Say we want to approximate our scatter plot not by a line but by a parabola, of equation $$ y= a x^2 + b x + c \, . $$ Then we are considering the optimization problem $$ \min_{(a,b,c)\in\mathbb{R}^3} \big(y_1-(ax_1^2+bx_1+c)\big)^2 + \big(y_2-(ax_2^2+bx_2+c)\big)^2 +\,\ldots \,+ \big(y_7-(ax_7^2+bx_7+c)\big)^2 $$ or, in matrix form, $$ \min_{(a,b,c)\in\mathbb{R}^3} \|Y-AX\|^2 \,, $$ where $$ X=\begin{pmatrix}a\\b\\ c\end{pmatrix}\,,\quad A = \begin{pmatrix} x_1^2 & x_1 & 1\\ x_2^2 & x_2 & 1\\ \vdots\\ x_7^2 & x_7 & 1\end{pmatrix} = \left(\begin{array}{rrr} 1 & 1 & 1 \\ 4 & 2 & 1 \\ 9 & 3 & 1 \\ 16 & 4 & 1 \\ 25 & 5 & 1 \\ 36 & 6 & 1 \\ 49 & 7 & 1 \end{array}\right) \in \mathrm{Mat}(7\times 3;\mathbb{R})\quad \text{and}\quad Y = \left(\begin{array}{r} 25 \\ 15 \\ 9 \\ 24 \\ 37 \\ 50 \\ 51 \end{array}\right)\,. $$ The matrix $A$ has rank $3$, for otherwise we would have a non-zero polynomial $ax^2+bx+c$ with pairwise distinct root $(x_1,x_2,\,\ldots\,,x_7)$, which is impossible. So the previous Corollary applies and tells us that the solution of the problem is $$ \begin{pmatrix}a\\b\\ c\end{pmatrix} = X = (A^tA)^{-1}A^t Y = \left(\begin{array}{rrrrrrr} \frac{5}{84} & 0 & -\frac{1}{28} & -\frac{1}{21} & -\frac{1}{28} & 0 & \frac{5}{84} \\ -\frac{7}{12} & -\frac{1}{14} & \frac{1}{4} & \frac{8}{21} & \frac{9}{28} & \frac{1}{14} & -\frac{31}{84} \\ \frac{9}{7} & \frac{3}{7} & -\frac{1}{7} & -\frac{3}{7} & -\frac{3}{7} & -\frac{1}{7} & \frac{3}{7} \end{array}\right) \left(\begin{array}{r} 25 \\ 15 \\ 9 \\ 24 \\ 37 \\ 50 \\ 51 \end{array}\right) = \left(\begin{array}{r} \frac{73}{42} \\ -\frac{160}{21} \\ \frac{181}{7} \end{array}\right) \,.$$ This means that the equation of the least squares parabola for our minimisation problem is $$ y = \frac{73}{42} x^2 - \frac{160}{21} x + \frac{181}{7} $$ and we can also draw the least square line on the scatter plot.

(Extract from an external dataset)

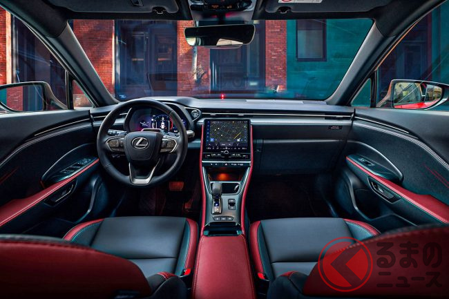 インテリアではブラックのセミアニリンシートにインディゴレッドのアクセントを組み合わせ、シックな空間に鮮烈なコントラストを演出。さらにシート背もたれには赤い「タタミステッチ」が2本入れられ、レクサスのクラフトマンシップをさりげなく表現しています。

# We re-initialise plot figure first
G = plot([])
G += list_plot(data, size = 20, color = 'red',
xmin = 0, xmax = 8, ymin = -5, ymax = 80)
# We define the function corresponding to the least squares line
v = vector(X)
x = var('x')
g = v[0] * x^2 + v[1] * x + v[2]
g
# We add the graph of f to the scatter plot
G += g.plot(xmin=0,xmax=8,ymin=-5,ymax=80)
G
# Here is the predicted value for y8 in the second model
y8 = f.substitute( x == 8)
show(y8)
# Here is a decimal approximation of y8
# Note that it is quite different from the prediction obtained with the first model
RR(y8)
55.2857142857143
If one does not recall the formula $ X=(A^tA)^{-1}A^t Y $ for the orthogonal projection of $ Y $ to $ \mathrm{Im}\, A $ under the assumption that $ A $ has full rank, one can ask Sage
to find the linear regression coefficients in a model of our choosing, using the command find_fit()
, which will automatically adjust the model to the data.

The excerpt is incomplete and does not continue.